La hora de tutoría tiene un programa previsto. Está perfectamente pensada para formar a las muchachas y muchachos de modo integral, procurando que desarrollen una profunda conciencia social y alcancen, paso a paso, la madurez personal. Sin embargo, acaba por ser un cajón de sastre: un torrente de dudas asalta a los adolescentes, que preguntan sin cesar –y a veces sin rubor alguno– lo que se les pasa por la cabeza. Imposible seguir un orden.
En esta clase, Inés no tiene otro deseo que hacer pensar a sus alumnos. En determinados temas es fácil: es lo que les preocupa. En otros, sin embargo, parece una tarea casi imposible: hay asuntos que no les interesan en absoluto. Más o menos ese era el caso de un viernes de mayo, penúltima hora.

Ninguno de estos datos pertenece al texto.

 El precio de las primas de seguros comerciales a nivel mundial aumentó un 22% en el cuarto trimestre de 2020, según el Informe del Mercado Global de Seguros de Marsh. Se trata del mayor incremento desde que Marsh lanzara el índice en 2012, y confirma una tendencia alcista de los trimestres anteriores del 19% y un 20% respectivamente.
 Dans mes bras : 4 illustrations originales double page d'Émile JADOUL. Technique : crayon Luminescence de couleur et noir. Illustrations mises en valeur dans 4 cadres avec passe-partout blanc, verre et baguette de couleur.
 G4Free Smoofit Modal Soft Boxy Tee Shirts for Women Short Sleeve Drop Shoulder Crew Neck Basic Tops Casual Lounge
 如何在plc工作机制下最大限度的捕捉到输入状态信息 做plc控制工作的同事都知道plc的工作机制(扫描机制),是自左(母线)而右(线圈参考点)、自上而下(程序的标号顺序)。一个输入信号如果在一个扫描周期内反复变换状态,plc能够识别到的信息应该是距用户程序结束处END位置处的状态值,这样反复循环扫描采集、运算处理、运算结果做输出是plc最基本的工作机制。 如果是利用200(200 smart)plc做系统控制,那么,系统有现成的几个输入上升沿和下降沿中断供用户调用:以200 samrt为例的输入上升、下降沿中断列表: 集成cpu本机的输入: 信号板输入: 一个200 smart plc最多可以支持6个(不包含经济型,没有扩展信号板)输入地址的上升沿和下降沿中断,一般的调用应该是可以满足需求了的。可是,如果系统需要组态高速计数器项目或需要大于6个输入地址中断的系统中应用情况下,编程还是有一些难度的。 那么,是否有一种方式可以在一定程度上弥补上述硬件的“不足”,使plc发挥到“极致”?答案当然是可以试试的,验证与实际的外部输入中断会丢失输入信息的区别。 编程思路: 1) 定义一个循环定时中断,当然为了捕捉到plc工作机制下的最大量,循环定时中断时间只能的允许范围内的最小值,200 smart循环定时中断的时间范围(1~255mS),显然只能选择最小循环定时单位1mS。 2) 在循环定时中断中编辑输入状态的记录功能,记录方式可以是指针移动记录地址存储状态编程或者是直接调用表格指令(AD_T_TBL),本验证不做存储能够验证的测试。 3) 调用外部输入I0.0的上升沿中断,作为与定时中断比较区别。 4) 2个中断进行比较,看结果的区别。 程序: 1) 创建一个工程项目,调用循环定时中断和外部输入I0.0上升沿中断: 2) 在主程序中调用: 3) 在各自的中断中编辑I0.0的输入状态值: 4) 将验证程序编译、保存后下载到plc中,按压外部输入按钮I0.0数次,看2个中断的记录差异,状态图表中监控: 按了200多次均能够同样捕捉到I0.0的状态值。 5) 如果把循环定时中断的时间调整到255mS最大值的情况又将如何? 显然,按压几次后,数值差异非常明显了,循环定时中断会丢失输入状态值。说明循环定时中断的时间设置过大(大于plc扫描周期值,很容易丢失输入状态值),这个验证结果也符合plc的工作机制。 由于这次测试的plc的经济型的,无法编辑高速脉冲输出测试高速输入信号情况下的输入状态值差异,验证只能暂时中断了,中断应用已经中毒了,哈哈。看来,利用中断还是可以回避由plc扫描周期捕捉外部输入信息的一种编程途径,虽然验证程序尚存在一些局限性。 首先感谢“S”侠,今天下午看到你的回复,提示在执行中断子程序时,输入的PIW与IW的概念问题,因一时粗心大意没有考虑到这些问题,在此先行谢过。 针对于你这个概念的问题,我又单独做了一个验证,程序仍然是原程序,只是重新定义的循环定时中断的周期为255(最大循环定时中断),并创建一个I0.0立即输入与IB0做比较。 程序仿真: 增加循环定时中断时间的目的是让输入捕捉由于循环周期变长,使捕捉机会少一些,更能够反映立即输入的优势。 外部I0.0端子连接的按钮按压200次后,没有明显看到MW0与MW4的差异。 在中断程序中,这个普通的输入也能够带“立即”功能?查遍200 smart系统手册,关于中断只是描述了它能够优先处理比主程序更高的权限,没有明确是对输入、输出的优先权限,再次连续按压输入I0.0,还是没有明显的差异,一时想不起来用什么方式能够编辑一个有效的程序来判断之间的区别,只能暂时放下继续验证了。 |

El atasco de ideas era tan patente como la inquietud de los alumnos por acabar cuanto antes. La profesora compuso la siguiente historia con el fin de captar su atención:
«Aurelio había empleado todo su año de primero de carrera de la peor de las maneras. Suspendió todas a causa de su irresponsabilidad. Salía sin límite, no obedecía en casa y se mostraba incapaz de atender a su trabajo. Aurelio era, para sus padres, un quebradero de cabeza.

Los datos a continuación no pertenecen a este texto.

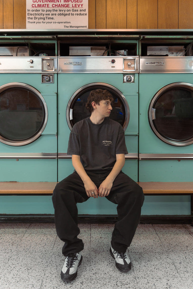 AW25 brings brand new No Snakes Just Ladders. Ouroboros is a concept we’ve wanted to bring to NSJL for a long time, and we’ve finally been able to realise it through a graphic that combines the snakes with our rings logo. The collection builds on familiar silhouettes with new colours, washes, and finishes - a timeless nod to the cycle of creation and destruction.
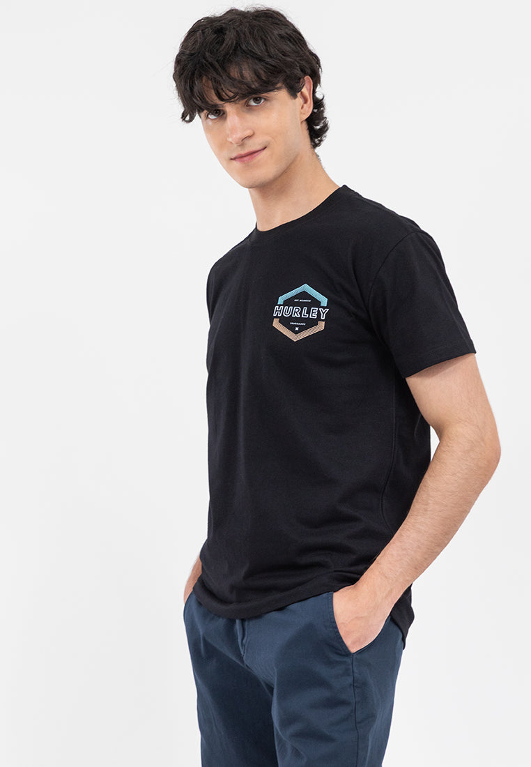 Expand your wardrobe rotation with Hurley's Men's Logo Tee, cut from a classic colorway and finished with a chest and back branding graphic for added statement.
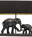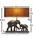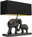Deze bijzondere tafellamp straalt rustieke elegantie en exotische flair uit. Twee gedetailleerd vervaardigde olifanten ondersteunen de volledig zwarte lamp, terwijl de gouden binnenkant van de linnen kap zorgt voor een warme, sfeervolle verlichting.
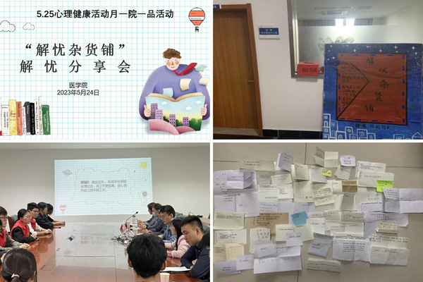 5月24日,医学院“解忧杂货铺”再次开张,为有烦恼和忧愁的同学们排忧解惑,力所能及地提供合适的建议。此次“解忧杂货铺”分享会邀请国家二级专业心理咨询师、学校心理发展与咨询中心张东老师,国家二级专业心理咨询师、医学院邱萌教授和袁红网老师,医学院就业信息员戎新玲老师,医学院优秀毕业生、前医学院学生会主席胡跃昆,江苏省三好学生、护理2006班长刘超等为同学们“解忧”。
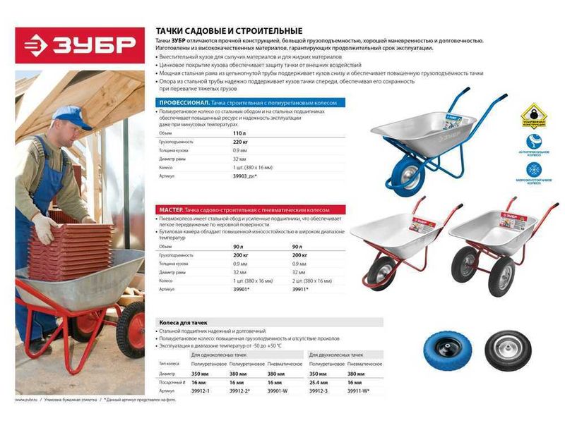 Отличается повышенным ресурсом и надежной эксплуатацией даже при минусовых температурах. Обеспечивает легкое перемещение грузов и отличную маневренность тачек. Предназначено для выполнения ремонтных работ садово-строительных тачек.
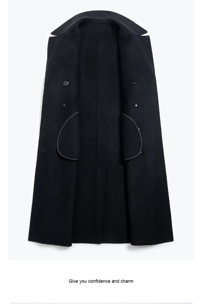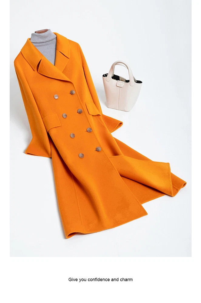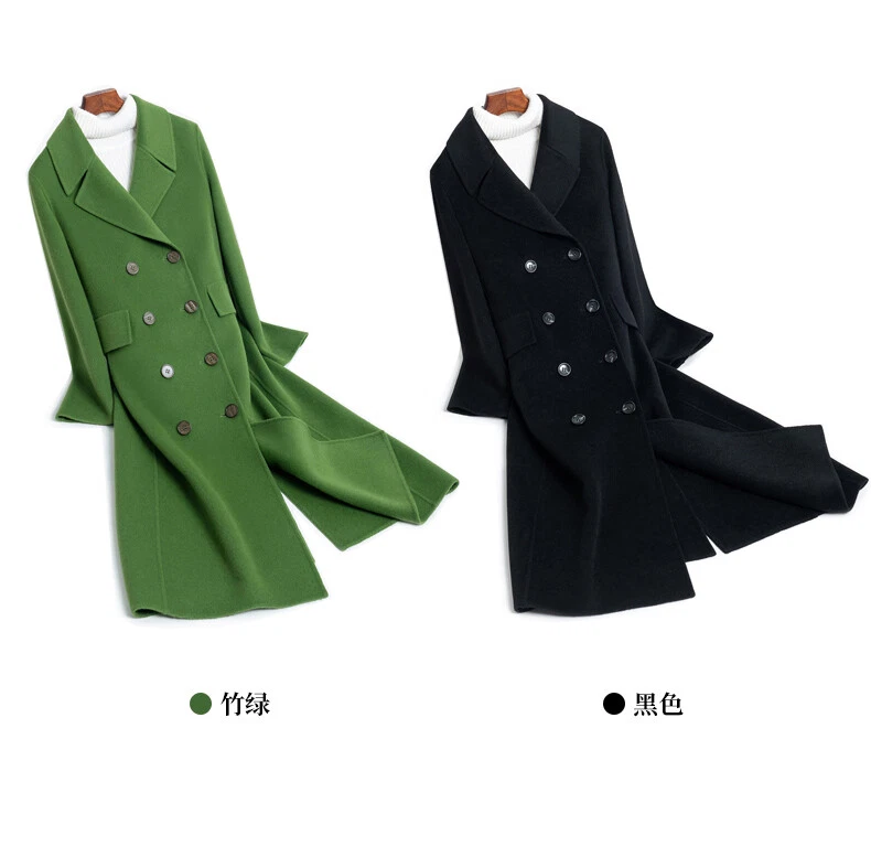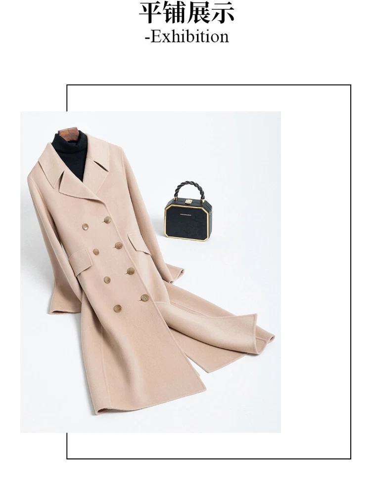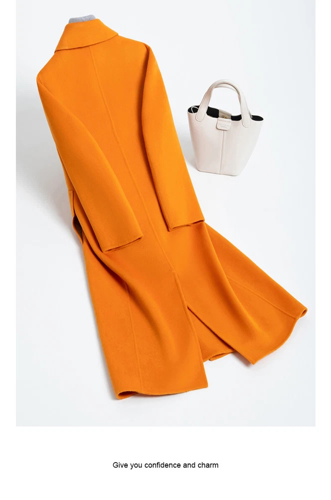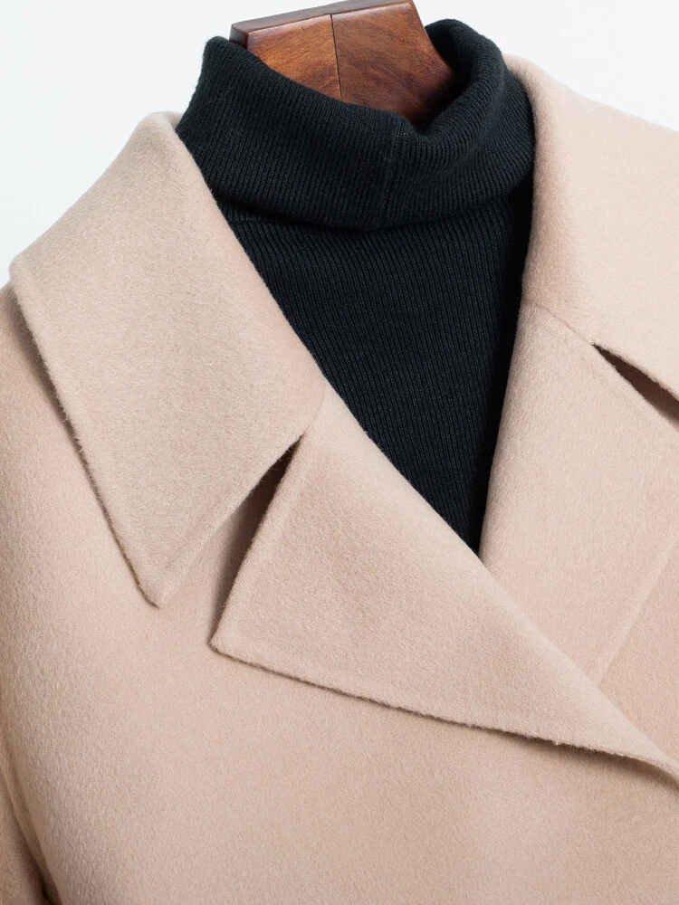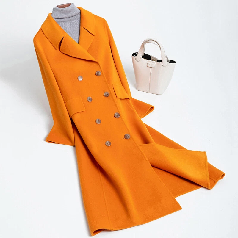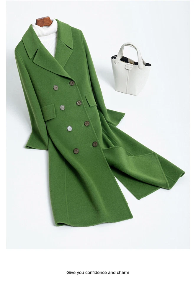 Women's Double-Sided 100% Wool Long Trench Coat Overcoat Korean Style

Cuatro años más tarde, mientras cursaba el tercer año de Economía –había repetido primero–, fue a Frankfurt gracias a una beca europea de estudios. Allí vivía con tres compañeros de clase.
¿Qué os parece? Teniendo en cuenta que ya no caía sobre él el peso de la autoridad paterna, parece que su conducta debería haber empeorado, ¿no? Sin embargo, sucedió todo lo contrario: sacó adelante con brillantez sus asignaturas, estudió a fondo inglés y alemán, nunca faltó a Misa e incluso llevó al confesonario a alguno de sus compañeros de piso...».
Inés detuvo aquí la historia y preguntó a los alumnos: «¿Qué ha pasado para que Aurelio ahora se comporte así? ¿Cuándo tenía razón? ¿Cuándo obró con libertad?».
Los alumnos despertaron de su letargo para dar sus opiniones. ¡Aurelio se volvió aburrido!, exclamó uno con dificultad, tumbado como estaba sobre el pupitre. El tal Aurelio se ha cansado de salir, dijo otra, mientras se ajustaba la diadema... Fue Irene, doble repetidora, la que contestó acertadamente sin apenas levantar la mano: Lo que pasa es que el chico ha madurado.
La profesora no admitió más respuestas y aprovechó para explicarles qué es la madurez. Para empezar, les leyó la definición que da la Real Academia: «madurez es buen juicio, prudencia y sensatez». Aurelio estaba por fin en la edad de la persona que ha alcanzado su plenitud vital y aún no ha llegado a la vejez.
Elegir bien en la vida, optar por lo realmente bueno, es plenitud vital. El comportamiento libertino, en cambio, es casi siempre expresión de inmadurez.
En el evangelio de hoy, Cristo contrapone la paz del mundo a la paz de Dios. El cristiano entiende que es infinitamente mejor la paz que viene de lo alto
que las compensaciones sensuales, de fama o de poder que puede dar el mundo. Y, para optar por lo alto, nada mejor que madurar a tiempo. En definitiva, serenidad y madurez van de la mano.
Por eso, un buen criterio para conocer nuestro nivel de madurez como cristianos es considerar qué paz buscamos. Piénsalo despacio: ¿me da sosiego la continua presencia de Dios y el obrar con rectitud, o más bien estoy inquieto pensando qué dirán de mí o cómo quedar por encima? ¿Busco el reconocimiento de Dios o me machaco y me exijo infinitamente, buscando la admiración de los demás?